Note: Model 1: Crude (n = 329).

Model 2: Model 1 + mean kcal (total energy between puberty until 2 years after menarche onset), BMI Z-score at 2 years after menarche onset, age at menarche and age at DXA and birthweight (n = 329).

Model 3: Model 2 + maternal education (n = 325).

aP < 0.05.

Our sensitivity analysis, restricting the final models to girls with 2 or more 24HR, showed similar results. In the fully adjusted models, we observed an inverse association of AFGV with isoflavone intake (Q4 vs.
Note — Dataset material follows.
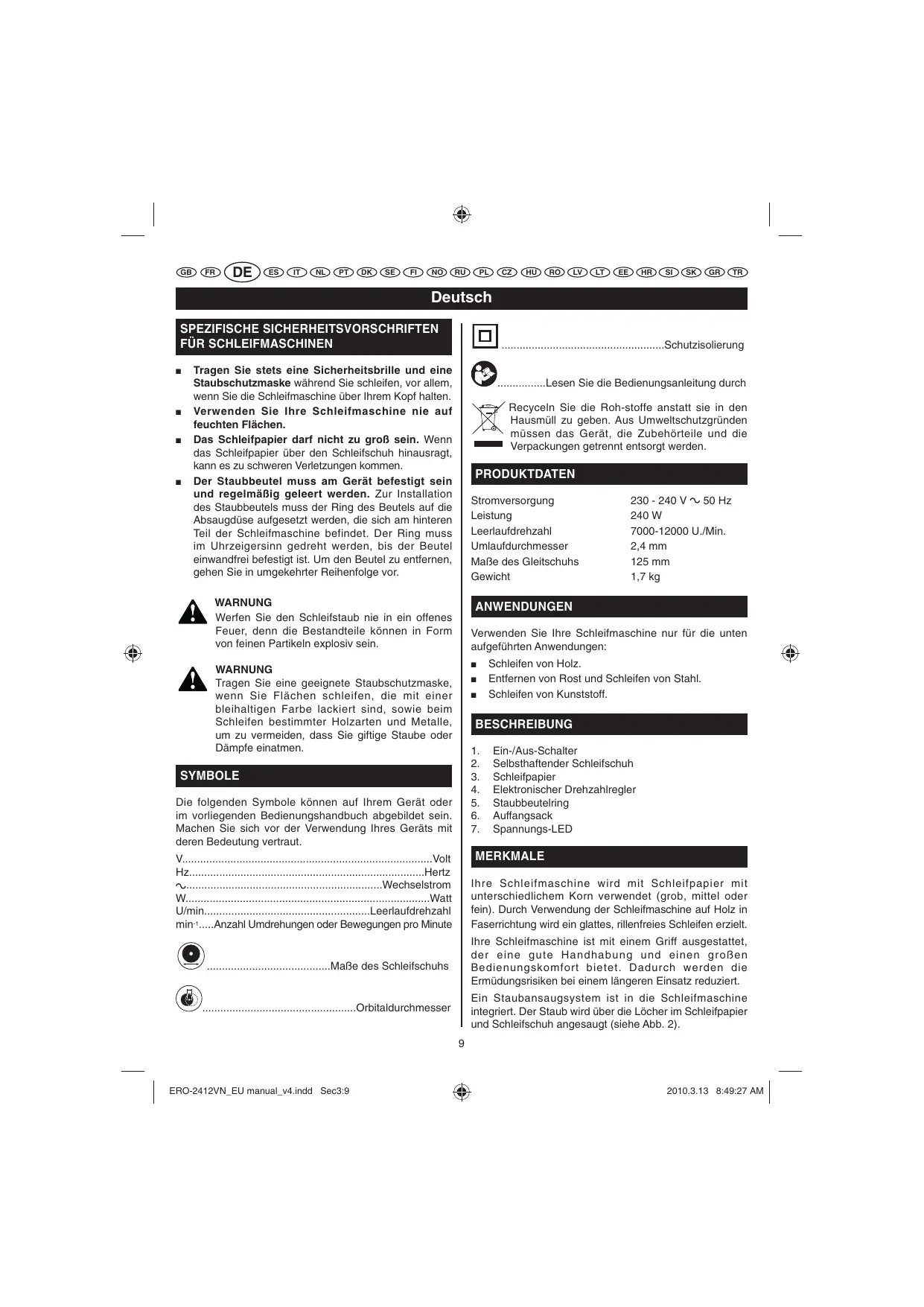 ......................................................Schutzisolierung Tragen Sie stets eine Sicherheitsbrille und eine Staubschutzmaske während Sie schleifen, vor allem, wenn Sie die Schleifmaschine über Ihrem Kopf halten. Verwenden Sie Ihre Schleifmaschine nie auf feuchten Flächen. Das Schleifpapier darf nicht zu groß sein. Wenn das Schleifpapier über den Schleifschuh hinausragt, kann es zu schweren Verletzungen kommen. Der Staubbeutel muss am Gerät befestigt sein und regelmäßig geleert werden. Zur Installation des Staubbeutels muss der Ring des Beutels auf die Absaugdüse aufgesetzt werden, die sich am hinteren Teil der Schleifmaschine befindet. Der Ring muss im Uhrzeigersinn gedreht werden, bis der Beutel einwandfrei befestigt ist. Um den Beutel zu entfernen, gehen Sie in umgekehrter Reihenfolge vor. ................Lesen Sie die Bedienungsanleitung durch Recyceln Sie die Roh-stoffe anstatt sie in den Hausmüll zu geben. Aus Umweltschutzgründen müssen das Gerät, die Zubehörteile und die Verpackungen getrennt entsorgt werden. PRODUKTDATEN Stromversorgung Leistung Leerlaufdrehzahl Umlaufdurchmesser Maße des Gleitschuhs Gewicht WARNUNG Werfen Sie den Schleifstaub nie in ein offenes Feuer, denn die Bestandteile können in Form von feinen Partikeln explosiv sein.

Q1: ß: −28.4 cm3; 95% CI: −59.0, −3.1) and total phytoestrogen intake (Q4 vs. Q1: ß: −33.1; 95% CI: −64.8, −1.3).

Our results suggest that girls with the highest quartile of total isoflavone and total phytoestrogen intake have significantly lower levels of AFGV than girls with a lower intake. The estimated total phytoestrogen intake of the girls during the two years postmenarche was on average 1 mg/day (80% provided by isoflavone), similar to other Western countries where the average isoflavone intake is less than 2 mg/day (26). These values are much lower than those reported in Asian countries, where intake ranges between 20 and 50 mg/day, mainly due to the high consumption of soy and derived products (27).
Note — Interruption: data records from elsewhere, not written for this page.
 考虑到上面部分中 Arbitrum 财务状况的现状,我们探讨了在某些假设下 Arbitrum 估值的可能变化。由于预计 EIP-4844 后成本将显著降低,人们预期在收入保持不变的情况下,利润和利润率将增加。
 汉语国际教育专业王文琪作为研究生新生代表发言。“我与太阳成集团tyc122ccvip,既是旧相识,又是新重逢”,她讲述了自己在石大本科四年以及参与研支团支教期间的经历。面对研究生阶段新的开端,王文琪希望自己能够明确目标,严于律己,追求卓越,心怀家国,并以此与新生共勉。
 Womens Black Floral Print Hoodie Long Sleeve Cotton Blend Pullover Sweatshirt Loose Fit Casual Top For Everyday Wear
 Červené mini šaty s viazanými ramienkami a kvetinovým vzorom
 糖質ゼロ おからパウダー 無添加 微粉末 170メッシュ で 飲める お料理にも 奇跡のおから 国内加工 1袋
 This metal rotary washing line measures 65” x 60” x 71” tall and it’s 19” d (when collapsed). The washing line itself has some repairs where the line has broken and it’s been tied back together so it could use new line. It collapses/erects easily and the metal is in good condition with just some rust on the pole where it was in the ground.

Several epidemiologic studies have suggested an inverse association between soy/isoflavone intake and breast cancer; however, few have evaluated the effect when exposure occurs early in life. “The Shanghai Breast Cancer Study” found that women who reported a higher soy intake during adolescence (13–15 years) had a significantly lower risk of developing breast cancer [Q5 vs. Q1 OR: 0.51; 95% CI (0.40–0.65)], even after adjusting for reported soy intake during adulthood (8). Korde and colleagues (2009) found in Asian American women that high soy consumption during childhood (5–11 years) decreased the risk of developing breast cancer by approximately 60% [RR: 0.40; 95% CI (0.18–0.86)], and the effect was not attenuated after adjusting for dietary soy intake during adolescence or adulthood (28). Similar results were observed in Chinese, Japanese, and Filipino women, where the greater the consumption of tofu during adolescence decreased the risk of developing breast cancer [>4 times/week: OR 0.51, 95% CI (0.31–0.84)]. Furthermore, this effect was higher if consumption persisted into adulthood (9). In addition, a study performed in Canada (a Western population, with low intake of phytoestrogens) observed an inverse association with isoflavones, lignans, and total phytoestrogen intake during adolescence (10–15 years) and breast cancer. Particularly, they found that high consumption of lignans during adolescence reduced the risk of breast cancer [OR (Q4 vs. Q1): 0.74, 95% CI (0.64–0.85); ref. 29]. These studies support the hypothesis that intake of phytoestrogen during adolescence might be beneficial for breast cancer prevention, a period in which undifferentiated breast tissue is particularly vulnerable to carcinogenesis (1). However, most of these observations are obtained in the Asian population, where the intake of phytoestrogens is high (20–50 mg/day; ref. 27).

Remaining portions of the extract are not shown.